According to the present invention described in detail above, the hydraulic clutch 3 has the meshing portion 61 formed on the piston 60, and the transmission shaft 3
The engaged portion 62 that engages with the engaging portion 61 when the piston 60 is pushed back to the 9 side by the return spring 63.
Therefore, when the engine E is stopped and the rear wheel parking brake mechanism 5 is operated, the hydraulic clutch 3 is engaged, and when the rear wheel is braked, not only the rear wheel but also the front wheel can be locked. By locking the front and rear wheels at the same time, even when a heavy work machine is mounted on the front part of the vehicle for slope parking, it is possible to park the vehicle more reliably than when locking only the rear wheels.

[Brief description of drawings]

FIG. 1 is an explanatory cross-sectional view of a main part showing an embodiment of the present invention.

FIG. 2 is an overall schematic diagram of a tractor mission.

FIG. 3 is a cross-sectional view showing a conventional technique.

[Explanation of symbols]

 2 hydraulic clutch 3 hydraulic clutch 4 rotary shaft 5 rear wheel parking brake mechanism 27 front wheel drive / double speed switching mechanism 38 first transmission shaft 39 second transmission shaft 40 clutch body 48 oil chamber 53 electromagnetic switching valve 60 piston 61 meshing portion 62 engaged Part 63 Return spring

Claims (1)

[Claims] 1. A branch from a rear-wheel transmission system having a hydraulic clutch (2) so that power can be freely connected to and disconnected from a transmission shaft (39) which is always interlocked with a front wheel via the hydraulic clutch (3).
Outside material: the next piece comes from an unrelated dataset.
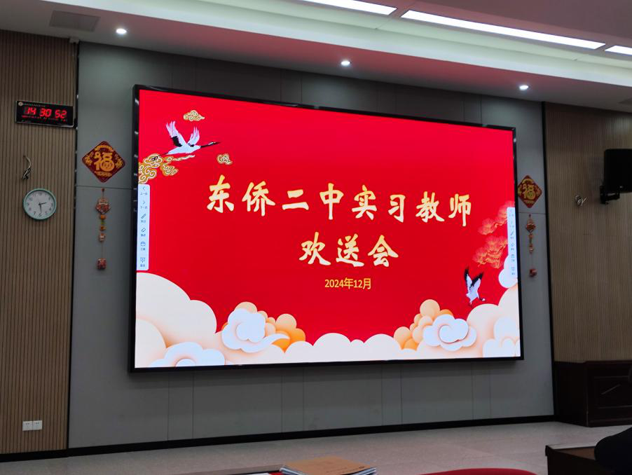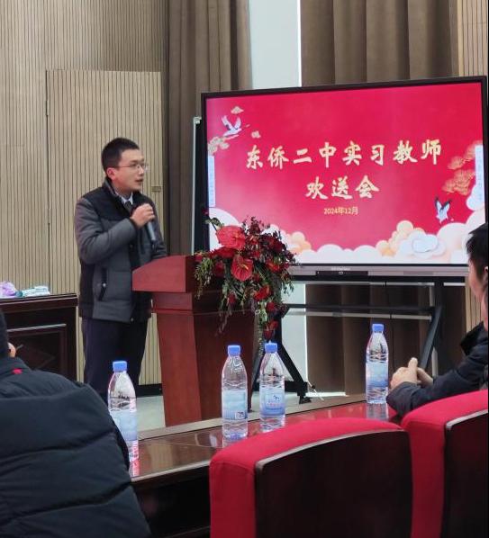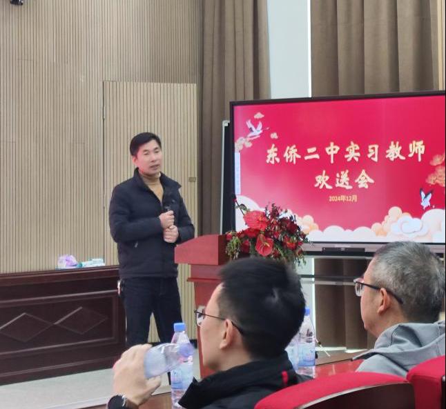 2024年12月13日下午两点,一场温馨的实习教师欢送会在东侨经济技术开发区第二中学隆重举行。英语系的黄薇老师和蔡江云老师,携同2025届英语(师范)专业的18名实习生,共同出席了这一意义非凡的活动。此次欢送会不仅标志着实习生们为期三月的实习生活圆满结束,更是对他们辛勤付出的肯定与赞赏。

A rear wheel parking brake mechanism (5) is formed on a rotating shaft (4) that forms a front wheel transmission system for transmission and is always interlocked with the rear wheel.
And the hydraulic clutch (3) is provided with an oil chamber (48).
In a parking brake device for a traveling vehicle, in which the piston (60) can be pushed against the return spring (63) by supplying pressure oil to the hydraulic brake (3), the hydraulic clutch (3) is engaged with the piston (60) at a meshing portion ( 61) is formed, and the piston (6) is formed on the transmission shaft (39) side.
0) is pushed back by the return spring (63) to form a meshed portion (62) that meshes with the meshing portion (61).